_DIRECTIONS FOR THIS TASK_
Every line of the data below is to be duplicated exactly, pictures excepted.

_DATA SEGMENT_

····················

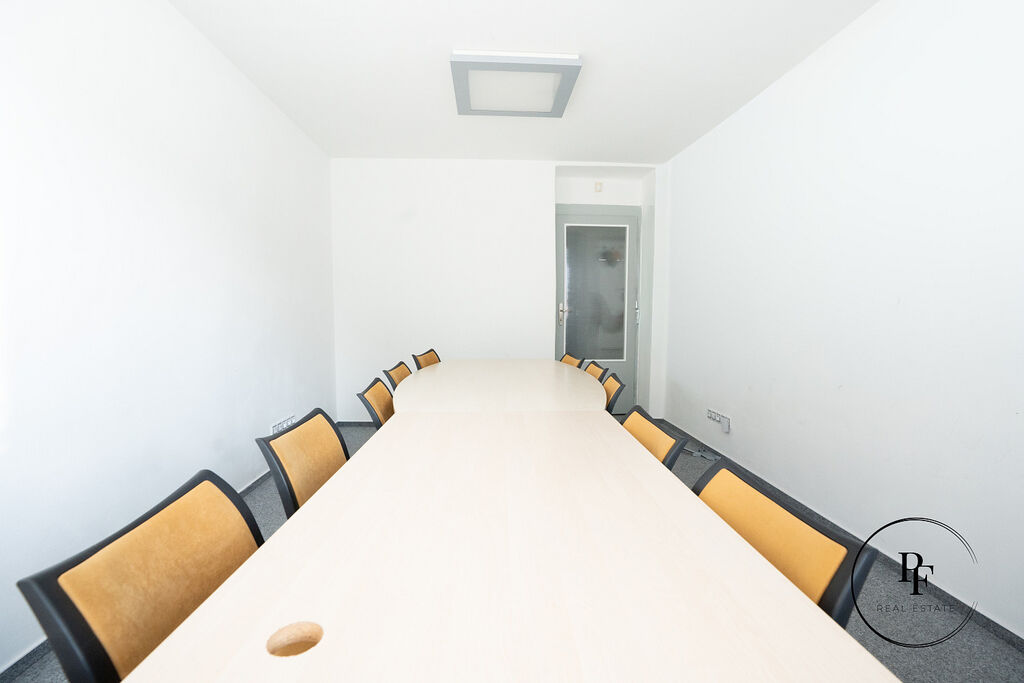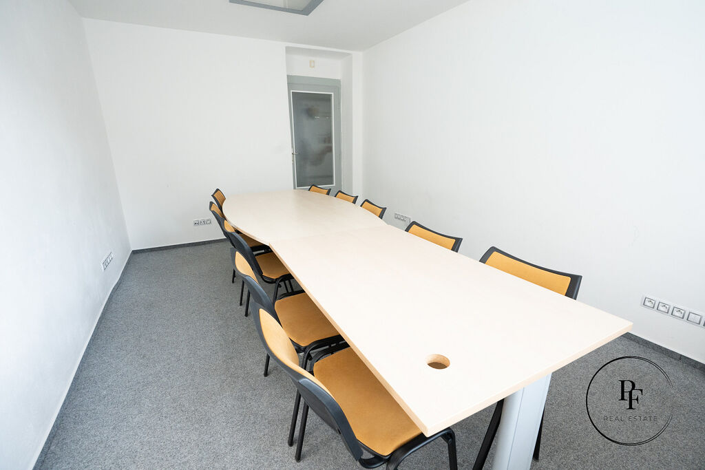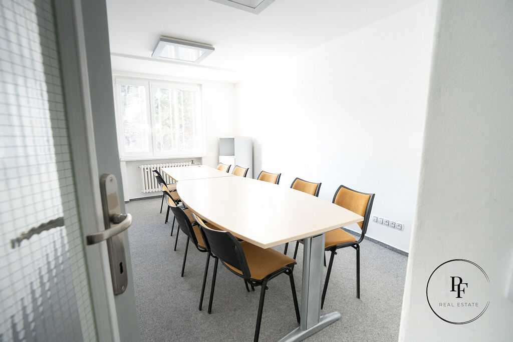 Kancelář je vybavena kobercem, LED osvětlením a pracovním stolem se židlemi. Součástí podnájmu je využívání společných prostor o ploše 13,1 m², které zahrnují:
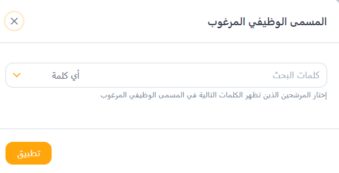 يسمح لك فلتر المسمى الوظيفي المرغوب بتنقيح عمليات البحث عن المرشحين بناءً على مسمياتهم الوظيفية المفضلة. يساعدك هذا في تحديد المرشحين الذين تتطابق أهدافهم المهنية مع المناصب التي توظف من أجلها.
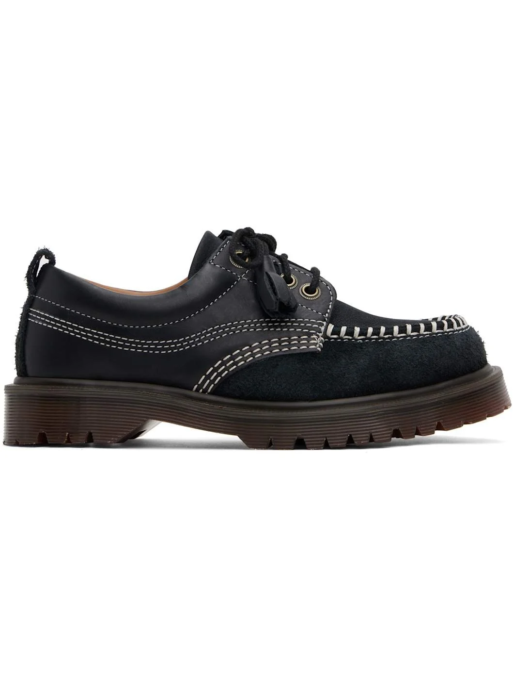 Buffed leather, nubuck, and suede derbys in black. · Blanket stitching at moc toe · Tassels at lace-up closure · Padded collar · Pull-loop at heel collar · Buffed leather and suede lining · Serrated detailing at heat-sealed Goodyear welt · Treaded Air Cushion rubber sole · Contrast stitching in white Supplier color: Black kinsley tumble Upper: leather. Sole: rubber. Made in Thailand 252399F120006
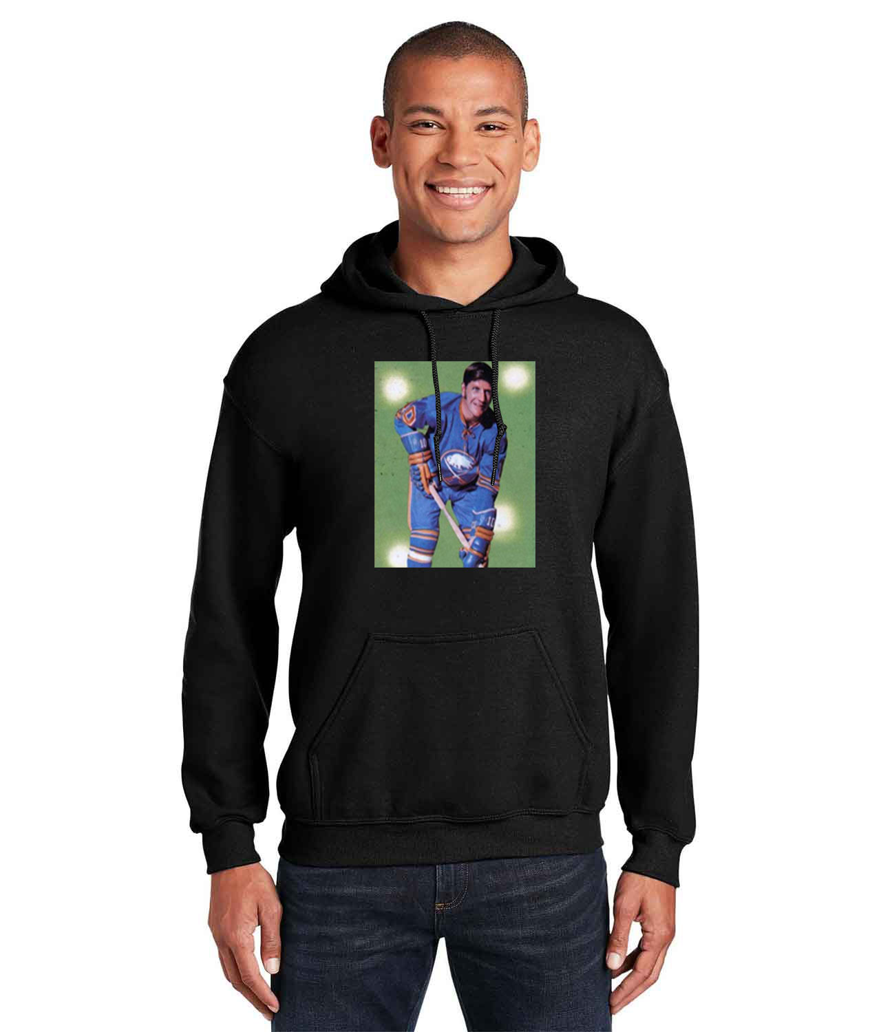 1970 Buffalo Sabres Phil Goyette Photo Hockey Logo Customized Design on Unisex Hooded Sweatshirt

····················

_RESPONSE_
 Kancelář je vybavena kobercem, LED osvětlením a pracovním stolem se židlemi. Součástí podnájmu je využívání společných prostor o ploše 13,1 m², které zahrnují:
 يسمح لك فلتر المسمى الوظيفي المرغوب بتنقيح عمليات البحث عن المرشحين بناءً على مسمياتهم الوظيفية المفضلة. يساعدك هذا في تحديد المرشحين الذين تتطابق أهدافهم المهنية مع المناصب التي توظف من أجلها.
 Buffed leather, nubuck, and suede derbys in black. · Blanket stitching at moc toe · Tassels at lace-up closure · Padded collar · Pull-loop at heel collar · Buffed leather and suede lining · Serrated detailing at heat-sealed Goodyear welt · Treaded Air Cushion rubber sole · Contrast stitching in white Supplier color: Black kinsley tumble Upper: leather. Sole: rubber. Made in Thailand 252399F120006
 1970 Buffalo Sabres Phil Goyette Photo Hockey Logo Customized Design on Unisex Hooded Sweatshirt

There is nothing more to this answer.